2/ Loading do not work : only 2 chunk are found (exif and xmp) :

digikam.dimg: "/mnt/data/photos/TESTS/METADATA/LR/LR.heic" : "HEIF" file identified Found 2 HEIF metadata chunck Parsing HEIF metadata chunck: Exif HEIF exif container found with size: 6998 Parsing HEIF metadata chunck: mime HEIF xmp container found with size: 354154 HEIF color profile found with size: 3144 HEIF image size: ( 3008 x 2000 ) Decoded HEIF image properties: size( 3008 x 2000 ), Alpha: false , Color depth : 8 HEIF data container: 0x7fd245385010 HEIC bytes per line: 9024 Color bytes depth: 8 Color multiplier: 1

HEIF file generated from JPEG file is available here :

https://drive.google.com/open?id=1GPI7RGlrL6uIusEfyDbmxxJeOL-9YLRE

(uploading is under progress)

Gilles Caulier

cgilles commented 5 years ago

More info:

Code to load metadata:

https://invent.kde.org/kde/digikam/blob/master/core/dplugins/dimg/heif/dimgheifloader_load.cpp#L174

Code to write metadata:

https://invent.kde.org/kde/digikam/blob/master/core/dplugins/dimg/heif/dimgheifloader_save.cpp#L457

Gilles Caulier

farindk commented 5 years ago

Yes, right, I forgot something. Please get the latest code from the 'iptc' branch and run it again.

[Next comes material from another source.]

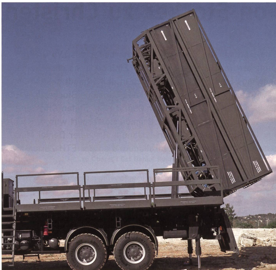
In der Schweizer BODLUV-Evaluation schied Spyder am 25. August 2015 aus.

Die Schweiz sucht ein Luftabwehrsystem im Bereich um die 40 Kilometer, nicht aber in der kurzen Reichweite von

cgilles commented 5 years ago

Excellent. It work perfectly now. Thanks you very much !

https://imgur.com/WkiZqPP

Gilles Caulier

Arthur111 commented 5 years ago

Seems according to Mr Caulier this issue is solved. Thank you to him. So this modification can now be merged with the master and i will close this issue.

cgilles commented 5 years ago

yes i confirm this file can be closed when code will be merged back from iptc branch to master

Gilles Caulier

farindk commented 2 years ago

There is currently some discussion about adding IPTC officially to the HEIF specification: https://github.com/MPEGGroup/FileFormat/issues/54

@cgilles: could you please give us your experience on this from your implementation in DigiKam? Is the IPTC metadata that you store in HEIF files actually used? How disturbing would it be if the ID of the IPTC metadata in HEIF files would change?

PS: I have quickly looked into the DigiKam source code. I see the code for writing IPTC (digikam/core/dplugins/dimg/heif/dimgheifloader_save.cpp:570), but I could not find the code that is reading it back.

cgilles commented 2 years ago

Hi,

Reading IPTC (as Exif, and XMP) is performed by Exiv2 library. This last one do not yet support writing operations in HEIF.

It's not a problem if a standard way is provided to store IPTC to HEIF. The metadata saved in HEIF by digiKam are for backup purpose. So don't hesitate to use a standard way for IPTC, we will adjust code in digiKam accordingly.

Actually, we embed libheif in digiKam core for the moment, and we need to use an updated and external dependency instead.

Best

Gilles Caulier

farindk commented 2 years ago

Thanks, @cgilles. Yes, it also seems fine to me to still replace the iptc ID with an official one. Especially since Exiv2 has not merged heif support yet into their master branch. I would probably provide an API function to find the iptc data which will accept both IDs for backwards compatibility.

avibrazil commented 2 years ago

Meanwhile exiftool has full HEIF support for reading and writing all types of tags.

farindk commented 2 years ago

@avibrazil According to https://exiftool.org/#supported, Exiftool does not support IPTC in HEIF.

avibrazil commented 2 years ago

Hummmm, maybe you are right. I need to check my tagged HEIFs to confirm what I've achieved. But I can assure you that exiftool now support XMP writing to HEIF. XMP is a broader and more modern standard than IPTC, and as far I can remember, all IPTC tags are also supported by XMP.

cgilles commented 2 years ago

No not all IPTC tags are supported by XMP, even if 85% are. This is why IPTC still important to support for interoperability. Of course XMP must be used instead if possible...